**WHAT THE TASK REQUIRES:**
In your copy, the records appear word for word and the pictures do not appear at all.

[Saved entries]
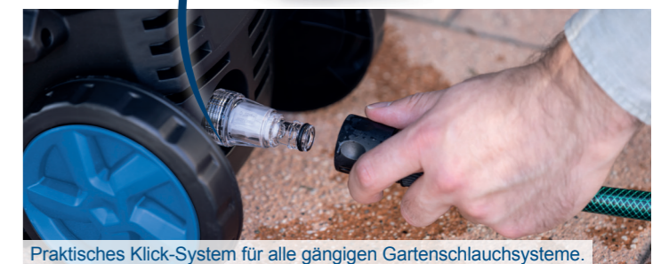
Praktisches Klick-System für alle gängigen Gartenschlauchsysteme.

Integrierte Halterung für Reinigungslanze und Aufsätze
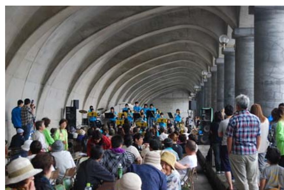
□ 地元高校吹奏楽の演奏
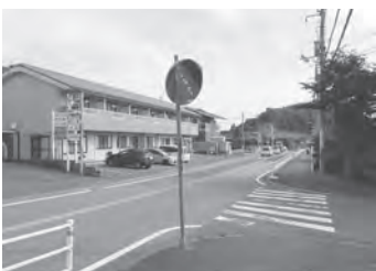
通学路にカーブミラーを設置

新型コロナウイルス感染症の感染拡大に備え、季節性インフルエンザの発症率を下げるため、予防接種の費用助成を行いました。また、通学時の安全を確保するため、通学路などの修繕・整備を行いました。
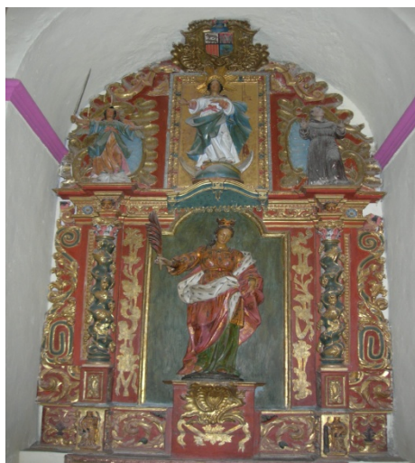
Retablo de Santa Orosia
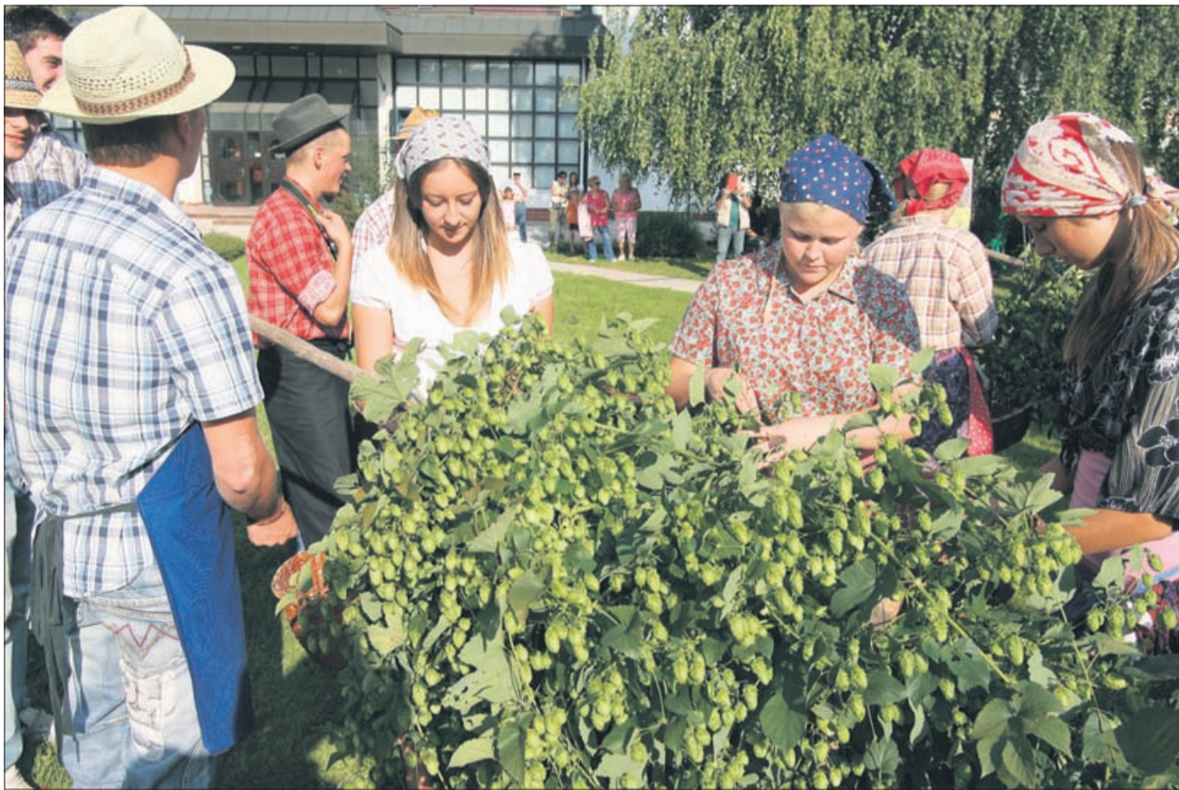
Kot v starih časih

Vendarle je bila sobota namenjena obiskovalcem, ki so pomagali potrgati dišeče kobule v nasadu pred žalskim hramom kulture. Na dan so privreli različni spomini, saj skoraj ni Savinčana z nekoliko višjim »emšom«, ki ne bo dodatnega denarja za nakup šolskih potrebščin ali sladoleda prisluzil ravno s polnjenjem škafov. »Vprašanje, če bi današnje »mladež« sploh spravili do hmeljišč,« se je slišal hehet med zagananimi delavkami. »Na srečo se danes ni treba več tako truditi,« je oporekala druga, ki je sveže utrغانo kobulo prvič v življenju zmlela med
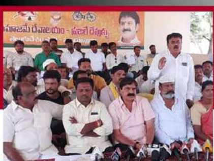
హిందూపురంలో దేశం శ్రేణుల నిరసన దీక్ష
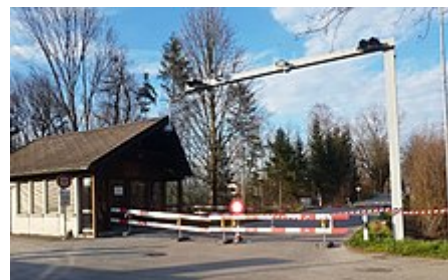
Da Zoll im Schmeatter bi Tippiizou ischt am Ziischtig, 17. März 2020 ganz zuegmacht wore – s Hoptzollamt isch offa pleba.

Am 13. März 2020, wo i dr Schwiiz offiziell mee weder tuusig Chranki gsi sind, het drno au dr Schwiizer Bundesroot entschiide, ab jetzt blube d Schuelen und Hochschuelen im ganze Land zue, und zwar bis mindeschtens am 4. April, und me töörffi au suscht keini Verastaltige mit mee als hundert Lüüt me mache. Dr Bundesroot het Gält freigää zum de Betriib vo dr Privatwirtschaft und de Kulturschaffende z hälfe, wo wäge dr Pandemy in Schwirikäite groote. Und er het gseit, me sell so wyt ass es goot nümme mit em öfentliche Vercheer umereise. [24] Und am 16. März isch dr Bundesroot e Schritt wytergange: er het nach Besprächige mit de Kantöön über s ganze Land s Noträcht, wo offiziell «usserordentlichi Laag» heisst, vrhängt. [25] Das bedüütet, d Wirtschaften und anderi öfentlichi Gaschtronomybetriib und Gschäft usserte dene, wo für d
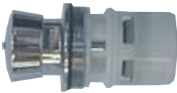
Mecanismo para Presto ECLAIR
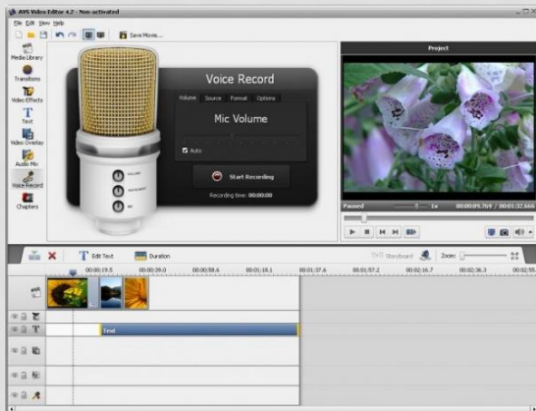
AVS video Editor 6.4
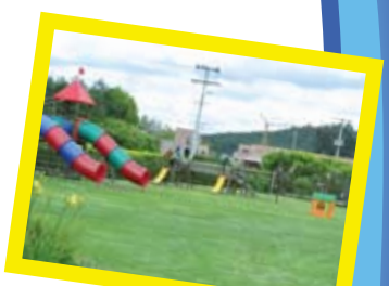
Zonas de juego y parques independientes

**YOUR RESPONSE:**
Praktisches Klick-System für alle gängigen Gartenschlauchsysteme.

Integrierte Halterung für Reinigungslanze und Aufsätze
□ 地元高校吹奏楽の演奏
通学路にカーブミラーを設置

新型コロナウイルス感染症の感染拡大に備え、季節性インフルエンザの発症率を下げるため、予防接種の費用助成を行いました。また、通学時の安全を確保するため、通学路などの修繕・整備を行いました。
Retablo de Santa Orosia
Kot v starih časih

Vendarle je bila sobota namenjena obiskovalcem, ki so pomagali potrgati dišeče kobule v nasadu pred žalskim hramom kulture. Na dan so privreli različni spomini, saj skoraj ni Savinčana z nekoliko višjim »emšom«, ki ne bo dodatnega denarja za nakup šolskih potrebščin ali sladoleda prisluzil ravno s polnjenjem škafov. »Vprašanje, če bi današnje »mladež« sploh spravili do hmeljišč,« se je slišal hehet med zagananimi delavkami. »Na srečo se danes ni treba več tako truditi,« je oporekala druga, ki je sveže utrغانo kobulo prvič v življenju zmlela med
హిందూపురంలో దేశం శ్రేణుల నిరసన దీక్ష
Da Zoll im Schmeatter bi Tippiizou ischt am Ziischtig, 17. März 2020 ganz zuegmacht wore – s Hoptzollamt isch offa pleba.

Am 13. März 2020, wo i dr Schwiiz offiziell mee weder tuusig Chranki gsi sind, het drno au dr Schwiizer Bundesroot entschiide, ab jetzt blube d Schuelen und Hochschuelen im ganze Land zue, und zwar bis mindeschtens am 4. April, und me töörffi au suscht keini Verastaltige mit mee als hundert Lüüt me mache. Dr Bundesroot het Gält freigää zum de Betriib vo dr Privatwirtschaft und de Kulturschaffende z hälfe, wo wäge dr Pandemy in Schwirikäite groote. Und er het gseit, me sell so wyt ass es goot nümme mit em öfentliche Vercheer umereise. [24] Und am 16. März isch dr Bundesroot e Schritt wytergange: er het nach Besprächige mit de Kantöön über s ganze Land s Noträcht, wo offiziell «usserordentlichi Laag» heisst, vrhängt. [25] Das bedüütet, d Wirtschaften und anderi öfentlichi Gaschtronomybetriib und Gschäft usserte dene, wo für d
Mecanismo para Presto ECLAIR
AVS video Editor 6.4
Zonas de juego y parques independientes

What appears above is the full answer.